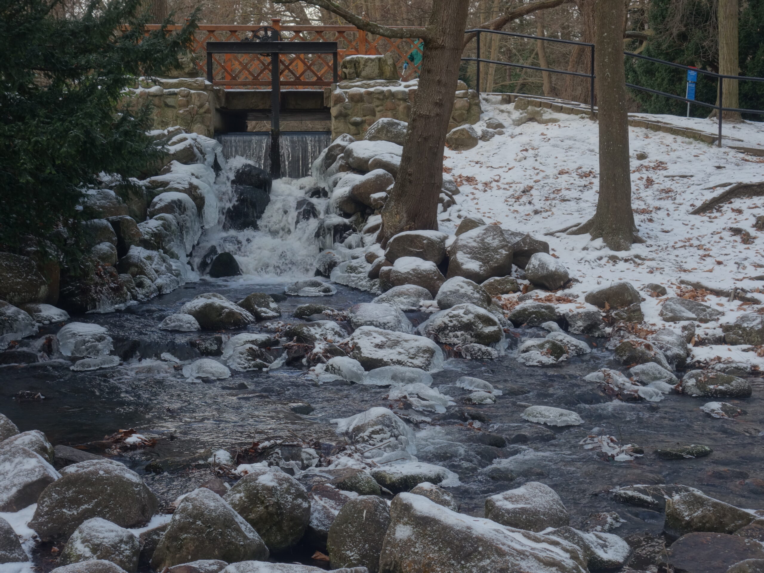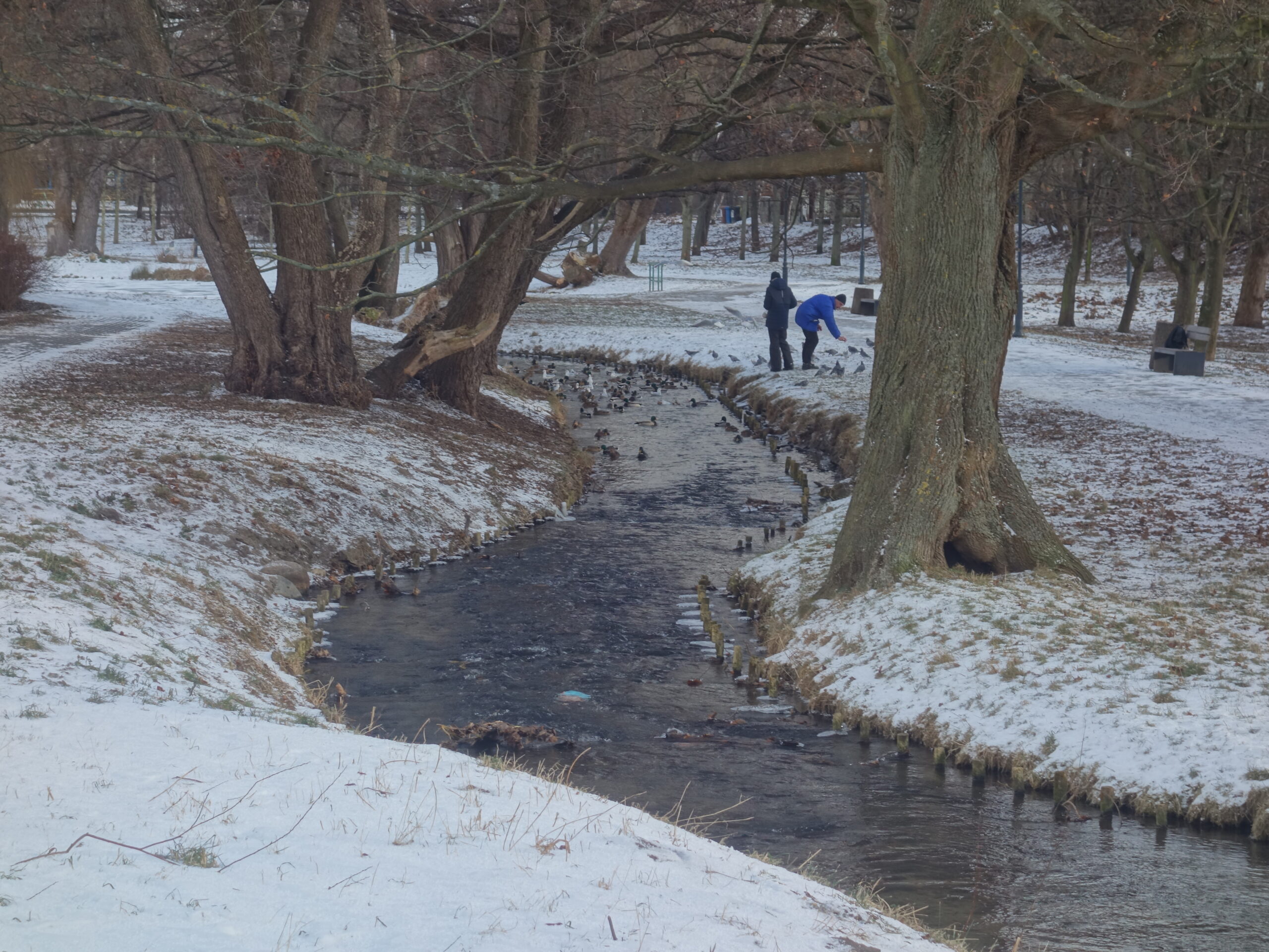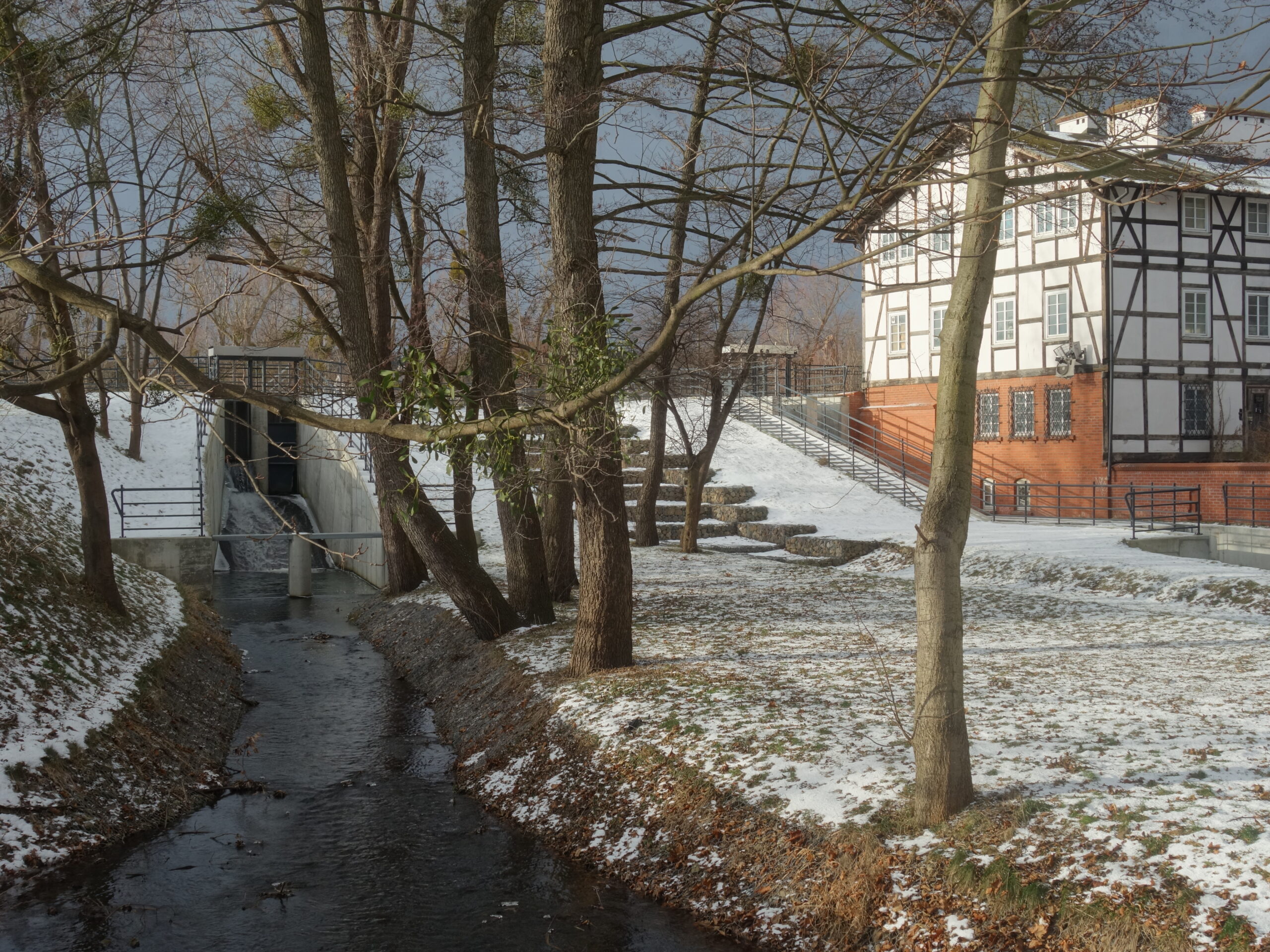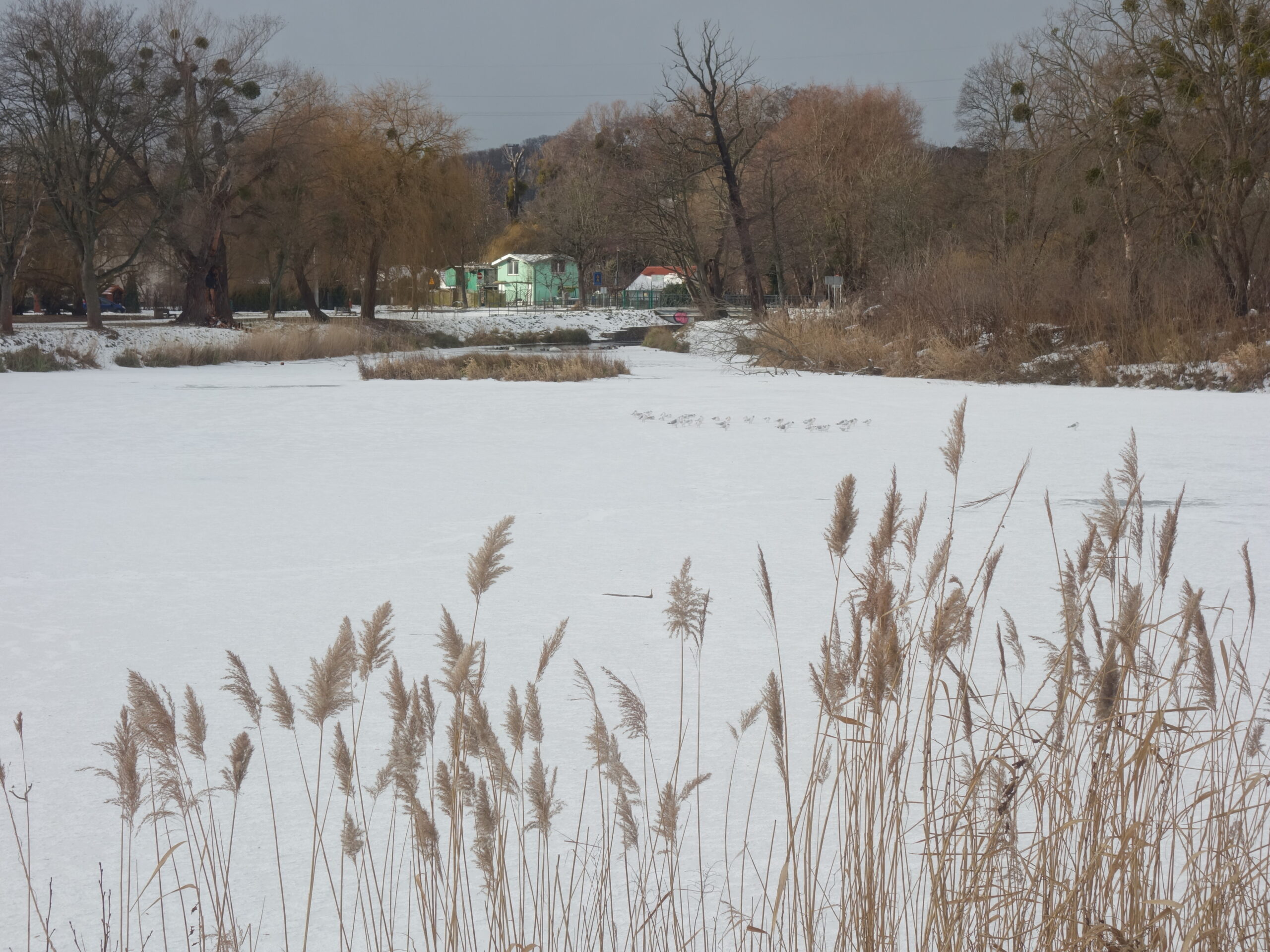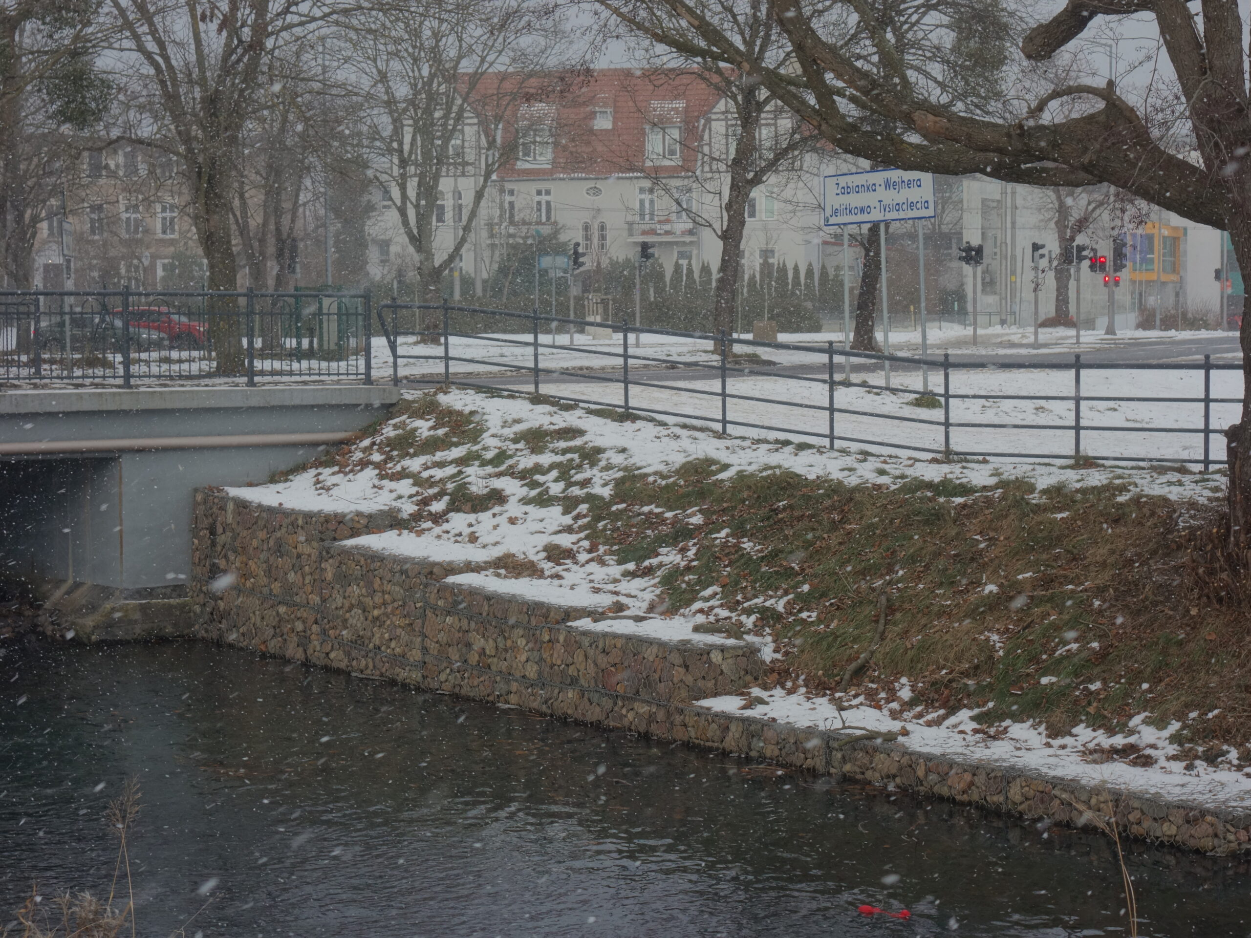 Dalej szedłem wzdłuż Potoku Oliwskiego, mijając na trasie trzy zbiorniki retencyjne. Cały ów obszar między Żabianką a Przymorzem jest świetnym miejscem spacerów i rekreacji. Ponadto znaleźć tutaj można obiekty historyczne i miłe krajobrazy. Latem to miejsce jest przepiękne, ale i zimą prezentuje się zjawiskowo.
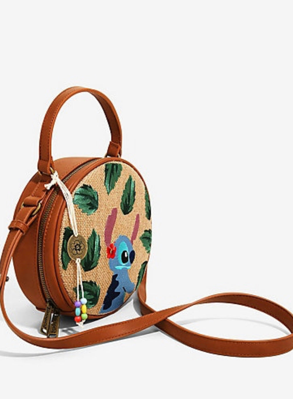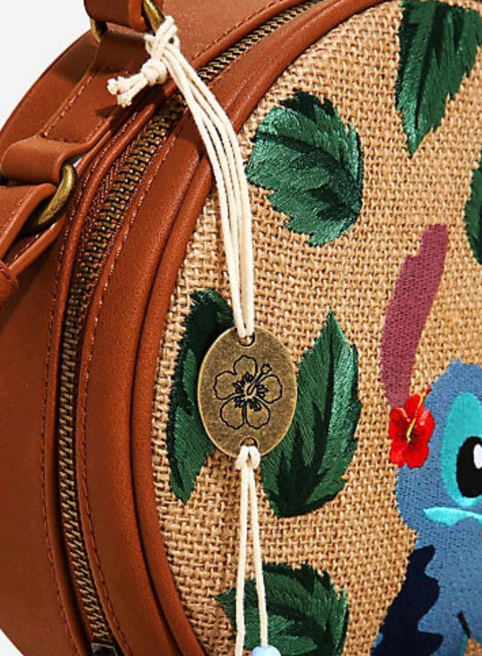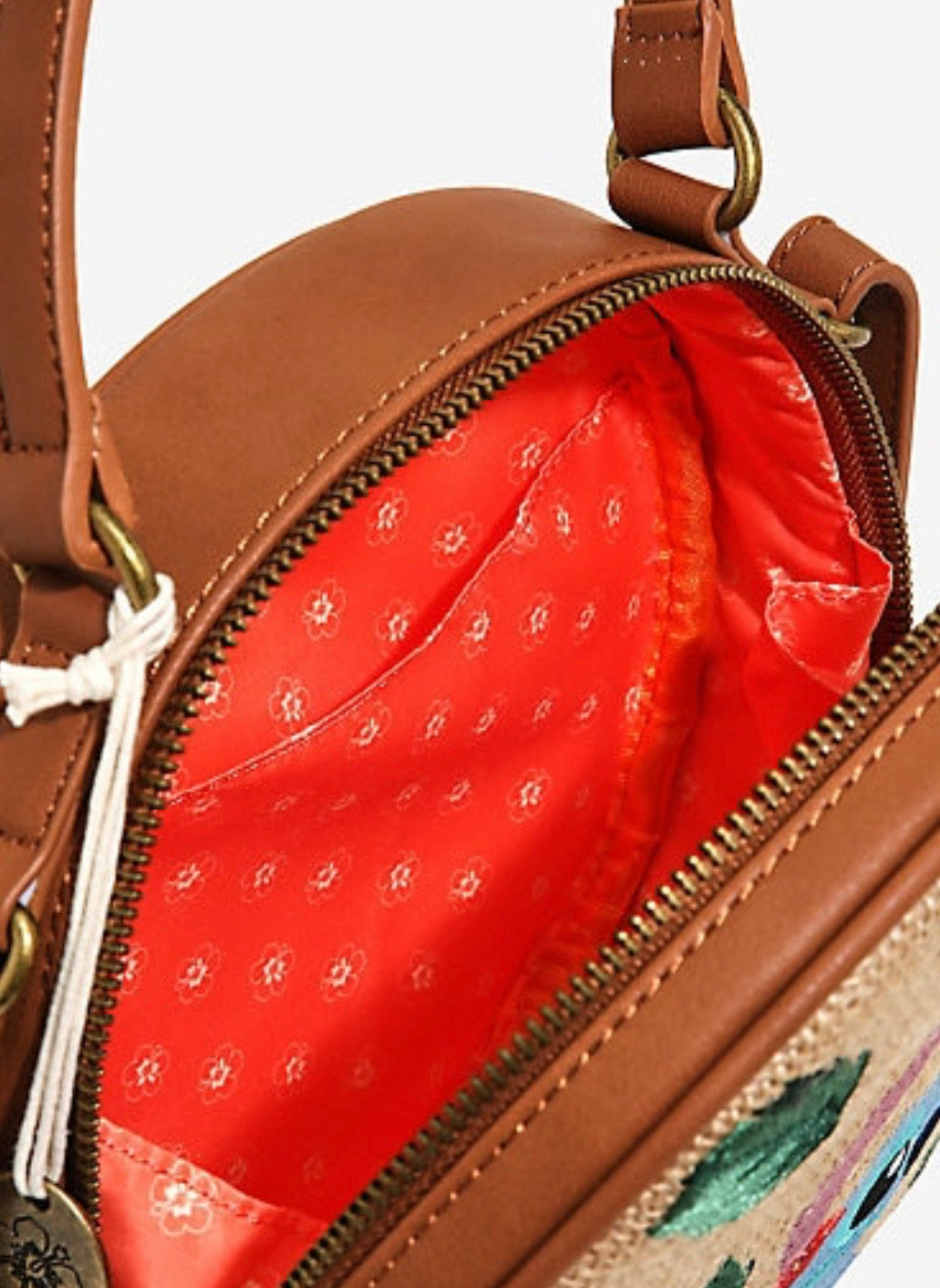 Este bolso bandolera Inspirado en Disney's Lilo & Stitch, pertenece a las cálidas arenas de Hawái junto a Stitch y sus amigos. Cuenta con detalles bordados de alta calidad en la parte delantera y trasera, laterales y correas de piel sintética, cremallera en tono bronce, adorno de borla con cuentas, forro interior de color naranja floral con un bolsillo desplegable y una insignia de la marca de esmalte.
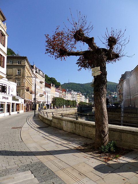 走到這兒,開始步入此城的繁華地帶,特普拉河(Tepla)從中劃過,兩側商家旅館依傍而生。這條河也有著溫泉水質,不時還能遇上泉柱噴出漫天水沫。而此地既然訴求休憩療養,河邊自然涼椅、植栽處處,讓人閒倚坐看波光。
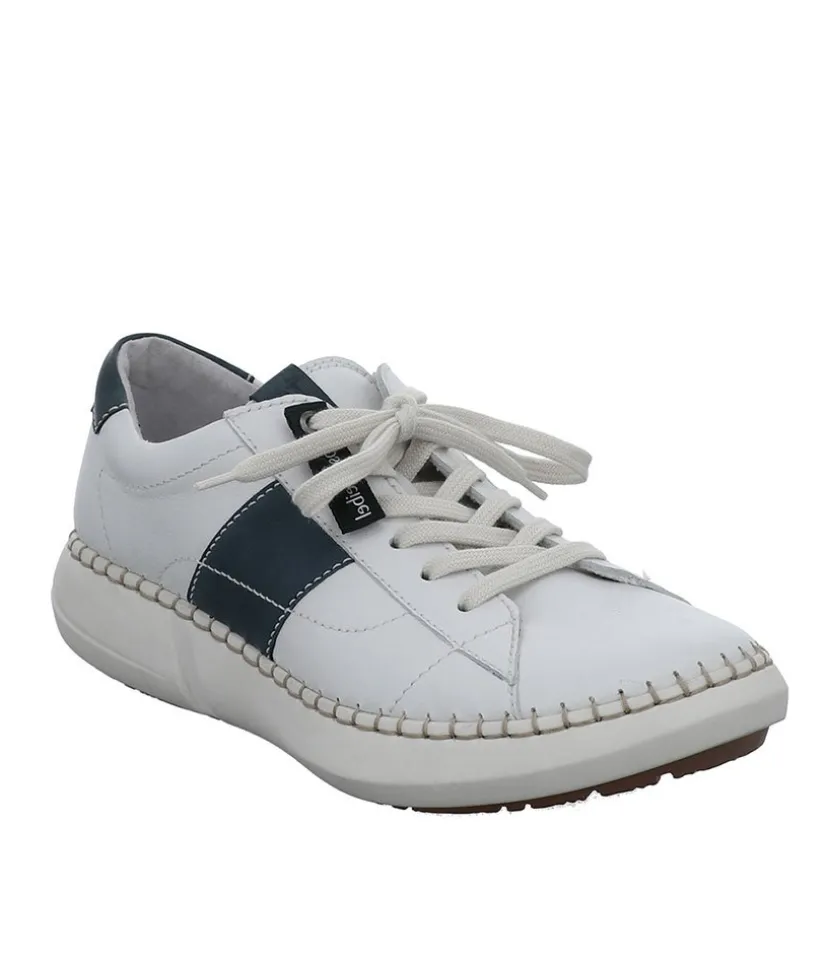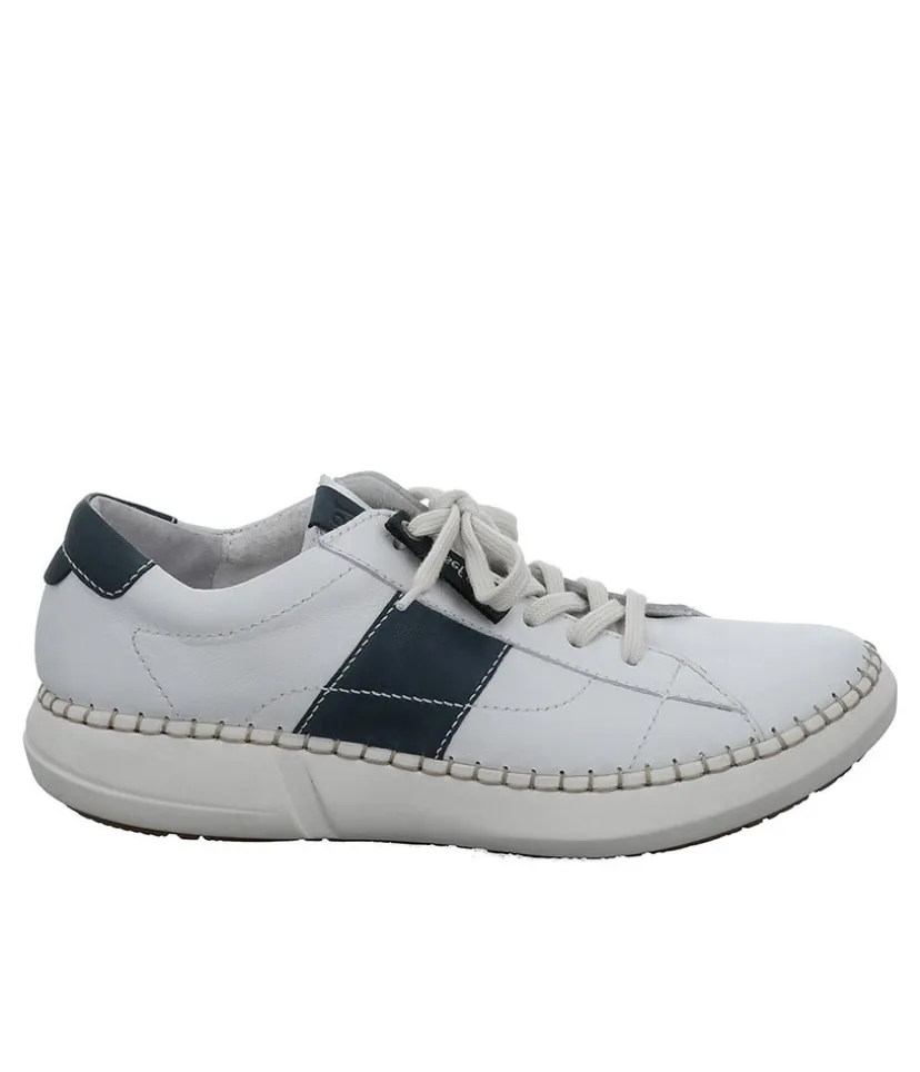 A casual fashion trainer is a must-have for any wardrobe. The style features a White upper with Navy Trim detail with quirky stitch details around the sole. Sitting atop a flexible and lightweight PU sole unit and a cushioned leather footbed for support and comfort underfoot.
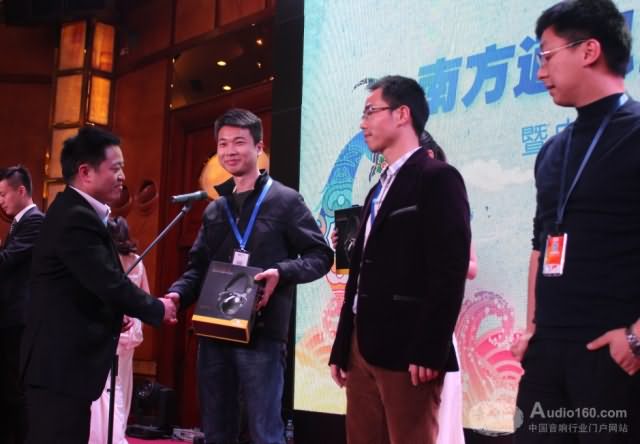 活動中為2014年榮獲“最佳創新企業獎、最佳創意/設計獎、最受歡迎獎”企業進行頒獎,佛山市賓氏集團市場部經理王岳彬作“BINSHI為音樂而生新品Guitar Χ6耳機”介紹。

• WORK INSTRUCTIONS
Retype exactly the lines from the one containing "A casual fashion" through the last line of the records above, both included, and leave out any pictures.

• OUTPUT BELOW
 A casual fashion trainer is a must-have for any wardrobe. The style features a White upper with Navy Trim detail with quirky stitch details around the sole. Sitting atop a flexible and lightweight PU sole unit and a cushioned leather footbed for support and comfort underfoot.
 活動中為2014年榮獲“最佳創新企業獎、最佳創意/設計獎、最受歡迎獎”企業進行頒獎,佛山市賓氏集團市場部經理王岳彬作“BINSHI為音樂而生新品Guitar Χ6耳機”介紹。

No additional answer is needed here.